How do I easily convert a line angle to a navigational-bearing scale (i.e., with range of [0,360) and “North” = 0 deg)?

问题

I have two points, (x1,y1) and (x2,y2), that I'd like to draw a line between. I know I can figure out the angle (in degrees) of that line using arctangent and the slope:

atan((y2-y1)/(x2-x1))*180/pi

However, how would I convert this angle to a [0,360] scale? Basically, I want my angle to be on a compass scale in which "North" is 0 deg, "East" is 90 deg, "South" is 180 deg, and "West" is 270 deg.

Thanks!

回答1:

(450-atan2(y2-y1,x2-x1)*180/pi)%%360​​​​​​​​​​​​​​​

---

segmentToAngle <- function(x1,y1,x2,y2) atan2(y2-y1,x2-x1)*180/pi;
segmentToAngle(0,0,1,0); ## east
## [1] 0
segmentToAngle(0,0,0,1); ## north
## [1] 90
segmentToAngle(0,0,-1,0); ## west
## [1] 180
segmentToAngle(0,0,0,-1); ## south
## [1] -90
segmentToCompassAngle <- function(x1,y1,x2,y2) (450-segmentToAngle(x1,y1,x2,y2))%%360;
segmentToCompassAngle(0,0,1,0); ## east
## [1] 90
segmentToCompassAngle(0,0,0,1); ## north
## [1] 0
segmentToCompassAngle(0,0,-1,0); ## west
## [1] 270
segmentToCompassAngle(0,0,0,-1); ## south
## [1] 180

回答2:

Just to generalize @bgoldst's answer:

(A1 - atan2(y2-y1,x2-x1) * 180/pi ) %%360

Here is the explanation of the various parts of this equation:

1. You have to use atan2() instead of atan().

   atan2() is the arctangent function with two arguments. The purpose of using two arguments is to gather information on the signs of the inputs in order to return the appropriate quadrant of the computed angle. This is not possible for the single-argument arctangent (atan) function.

2. The modulus operator %% is used in this case to give the remainder of dividing the angle by 360. In this way, we force the angles to "wrap around" at 360.

3. The angle calculated using atan2 is multiplied by 180/pi in order to convert the answer from radians (atan2's default output) into degrees.

4. If we stopped there, the resulting angle would be based on standard trigonometric form in which "East" = 0 degrees. All angles would be relative to "East" = 0.

   By subtracting our calculated angle in degrees from some angle (A1), we can offset the calculated angle by A1 degrees. In the case of the navigational-bearing scale (with "North" = 0 degrees) we would set A1 = 90.

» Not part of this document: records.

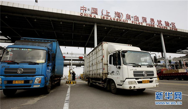 完成無紙化通關手續(xù)的卡車駛出位于上海外高橋的自貿區(qū)車輛出入口(2017年1月10日攝)。新華社記者方喆攝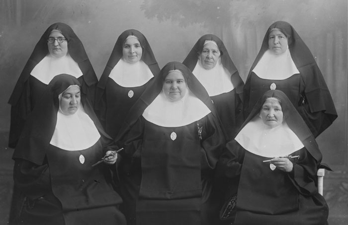 Retrat d'un grup de monges del convent de les Religioses de Sant Josep (Vetlladores) al pati del convent. 1931. Fotografia Unal. CRDI - Ajuntament de Girona - (Ampliar)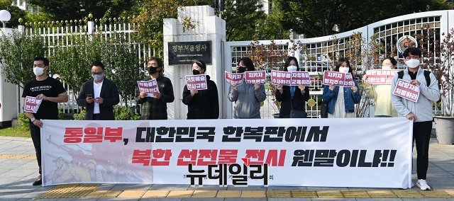 지난 8월 22일부터 평화로운 대한민국 영토 내에서 북한의 체제선전물이 입 수 경로도 확인되지 않은 채 통일부 산하기관에 의해 버젓이 전시되고 있 다. 심지어 문제 된 그림은 국제연합(UN)의 제재대상인 북한 ‘만수대창작사’ 소속 근로자들의 작품이다. 통일부 산하 통일교육원에 의해 오두산통일전망 대에 8월 22일부터 11월 14일까지 전시되는 그림이다.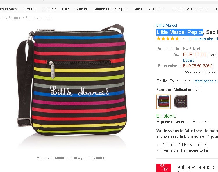 Disponible en deux couleurs : avec les rayures caracteristiques little marcel, ou alors avec des pois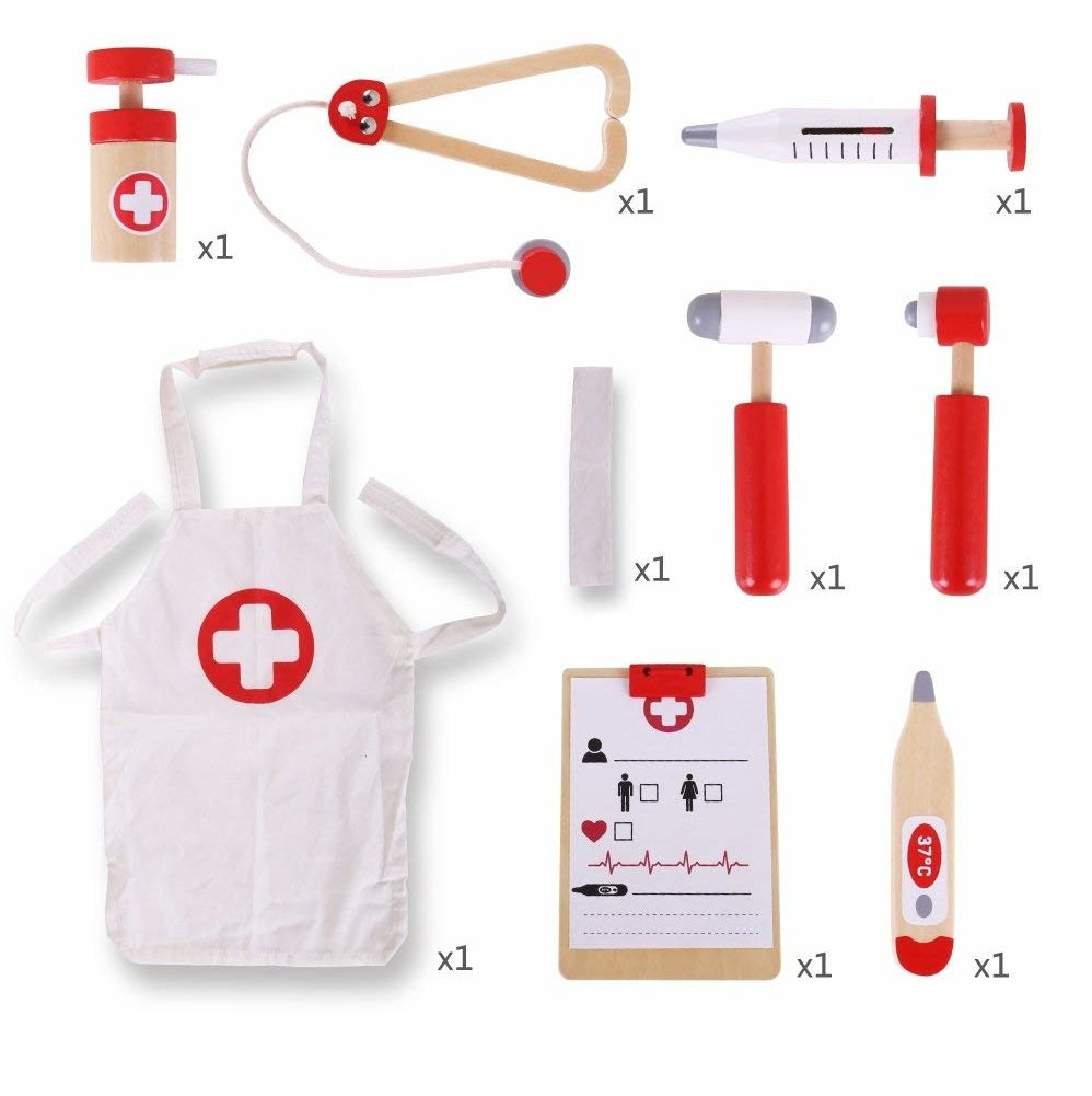 - flacon de crema    - ciocanel pentru testare reflexe    - stetoscop    - otoscop    - termometru    - seringa    - clipboard cu hartie     - sort    - bandaj    - gentuta cu manerMaterial: lemnVarsta: 3 - 7 ani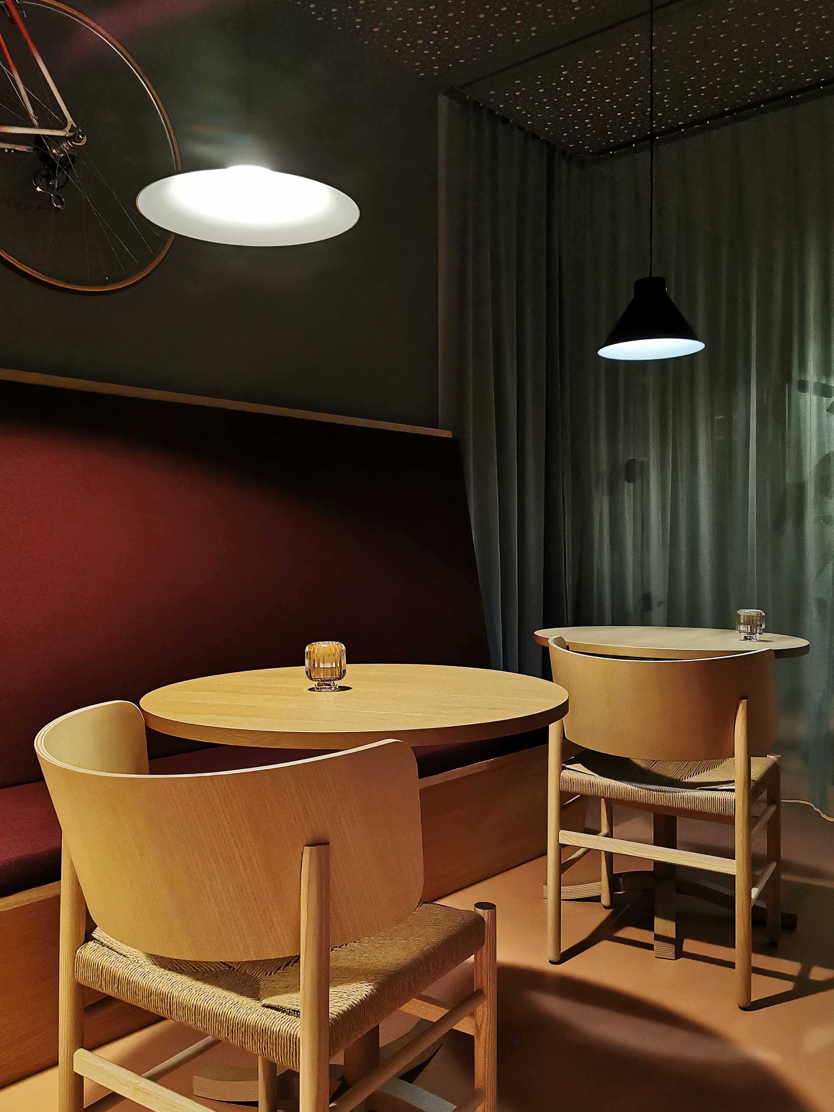 Für das Restaurant, Natur- und Bikehotel Hedwig in Balgach wurde ein einfaches Konzept entwickelt, welches den bestehenden Innenraum dezent ergänzt und nutzungsangepasste Atmosphären schafft. Flexibel kann zwischen gemütlichen Rückzugsorten und offenen Grossräumen gewechselt werden. Die leichte Transparenz der gliedernden Stoffe verändert die Wahrnehmung des Raumes im Zusammenspiel mit dem natürlichen und künstlichen Licht. Multifunktionale Möbelstücke können bei Bedarf als Akzente ergänzt werden.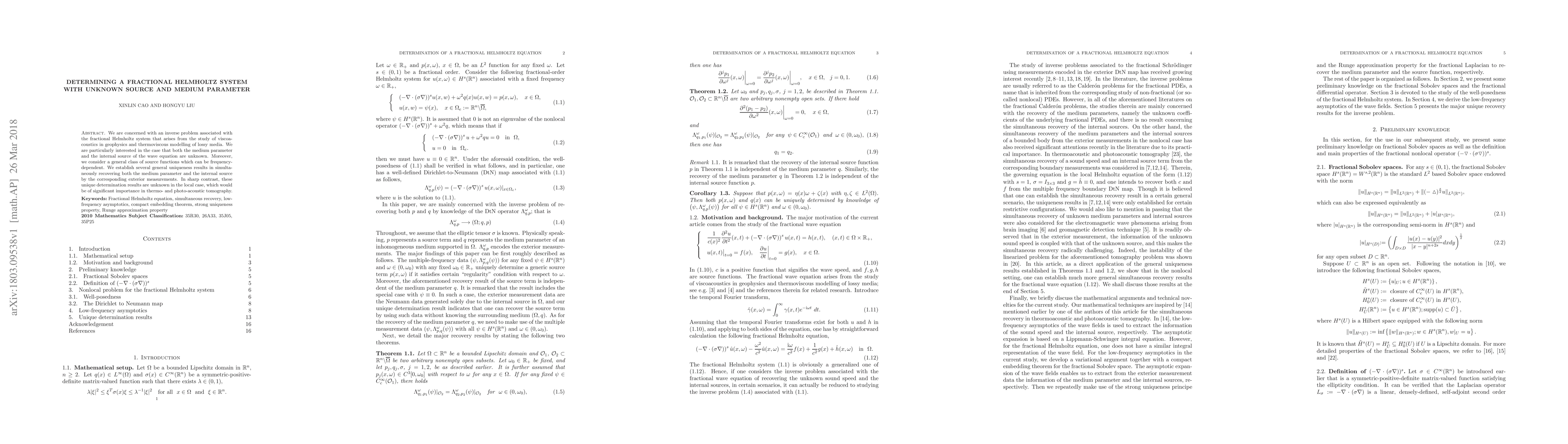 This paper addresses an inverse problem for a fractional Helmholtz system in geophysics and thermoviscous media, focusing on determining both the unknown medium parameter and internal source from exterior measurements. Uniqueness results are established for this simultaneous recovery, contrasting with the local case, which remains significantly underexplored for applications in thermo- and photo-acoustic tomography.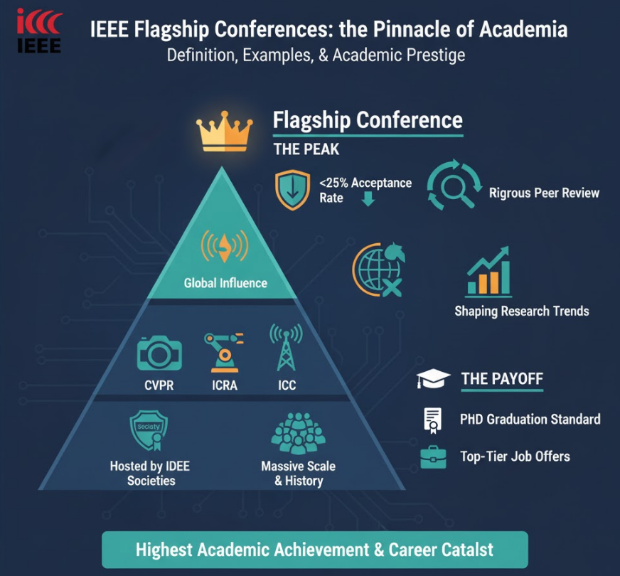 在学术界,尤其是在计算机科学(CS)和电气工程(EE)领域,会议(Conference)的重要性甚至超过了许多期刊。而在金字塔的顶端,就是 IEEE 旗舰会议 (Flagship Conference)。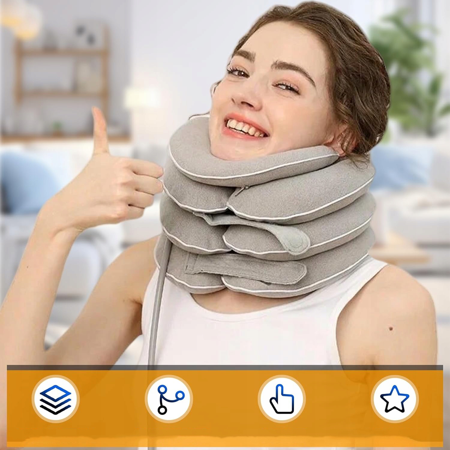 Оснащен системой регулировки поддержки подбородка 3+1 с регулировкой вертикальной высоты, обеспечивает эффективное сцепление шеи, предотвращая давление на лицо и повышая комфорт использования. Не требует сложной сборки; Устройство быстро надувается всего за 30 секунд. Эта конструкция эффективно помогает пользователям поддерживать правильное положение шеи, облегчая боль в шее, напряжение, сжатие нервов и мышечные спазмы, вызванные плохой осанкой.
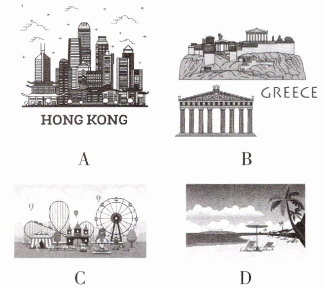 Dad said, "Greece will be a great vacation place. Its ancient buildings are wonderful!" Mum said, "I would like to enjoy the quiet beaches of Bali. The blue sky and cool water are nice and we can feel relaxed from the busy life." Their daughter, Lily, 16, thought differently, "Hong Kong is my dream vacation place. The busy city, special culture and delicious food will be a special experience!" Their little son Max, 6 years old, shouted, "I want to visit a park with exciting rides!"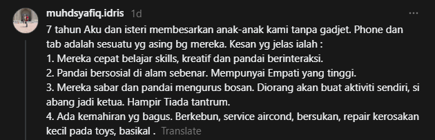 Katanya, tanpa gajet, anak-anak lebih cepat mempelajari pelbagai kemahiran dan menunjukkan tahap kreativiti yang tinggi. Mereka juga lebih bijak berinteraksi serta mampu bersosial dengan baik di dunia sebenar.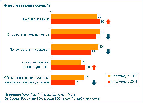 Данные также показывают и изменение мотивации потребителей при выборе соков. В последние несколько лет уверенно растет доля тех, кто руководствуется такими факторами как приемлемая цена (40% опрошенных, 1 квартал 2011 г.) и известность бренда (28% по данным 1 полугодия 2011 г.). Одновременно все меньше людей обращает внимание на отсутствие консервантов (снижение с 40% в 1 пол. 2007 до 37% в 1 пол. 2011 г.), думает об их полезности для здоровья (снижение с 39% в 1 пол. 2007 до 33% в 1 пол. 2011 г.) и обогащенности витаминами (снижение с 27% в 1 пол. 2007 до 20% в 1 пол. 2011 г.).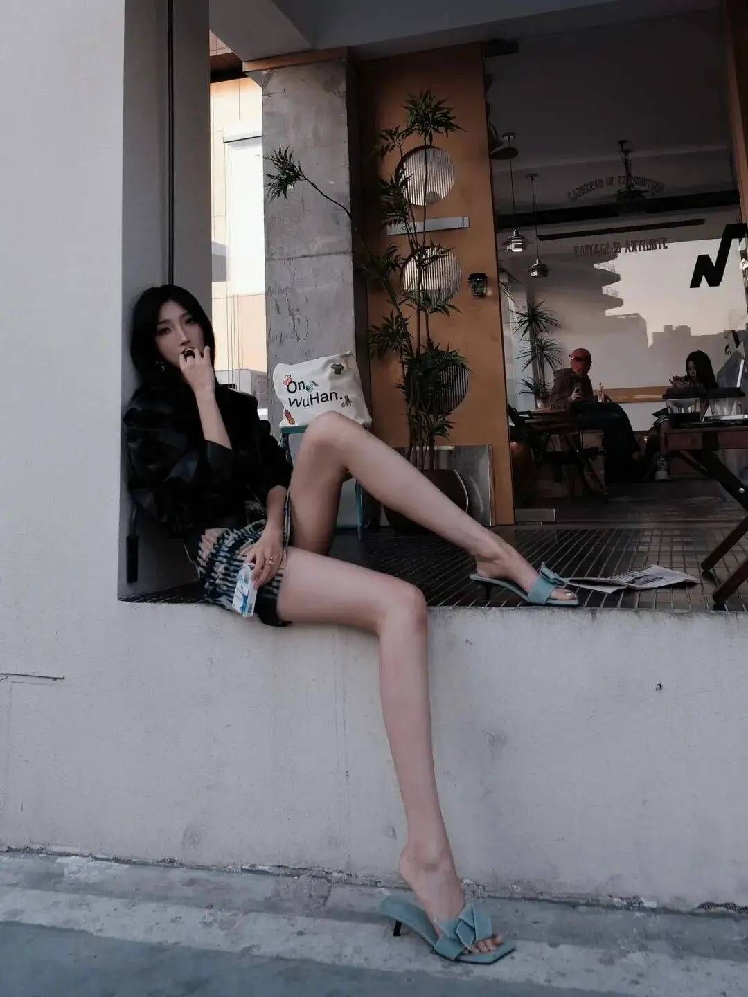 人物倚墙落座,借墙面支撑让身体放松,一腿自然伸展、一腿微屈叠放,既衬出腿部线条又不显刻意。单手轻抵唇畔带点慵懒小情绪,另一只手握着小物件增加生活感,不用硬凹角度,顺着环境松弛摆态,轻松拿捏随性又有氛围的街拍腔调

   (90 - atan2(y2-y1,x2-x1) * 180/pi ) %%360
   

回答3:

For "North" 0 deg. "East" 90 deg. "South" 180 deg. and "West" 270 deg.

you can use the formula:

f(E,N)=180-90*(1+sign(N))* (1-sign(E)^2)-45*(2+sign(N))*sign(E)

     -180/pi()*sign(E*N)*atan((abs(N)-abs(E))/(abs(N)+abs(E)))

      E=E2-E1 and  N=N2-N1

回答4:

I do not want to discredit the math-focussed discussion here. However, you are speaking about a navigational bearing. From that I assume, your focus is on navigating := applying math to get a navigational task done (my personal definition).

The 'geosphere package' will help you a lot in this area. It offers a set of geo / nav functions (for spherical calculations). To move from one point p1 to another p2, the functions 'geosphere::bearing()' or 'geosphere::bearingRhumb()' will give you the azimuth direction expressed in degrees, i.e. -180 ... +180. You can find a bit of more explanation in the answer to this related question.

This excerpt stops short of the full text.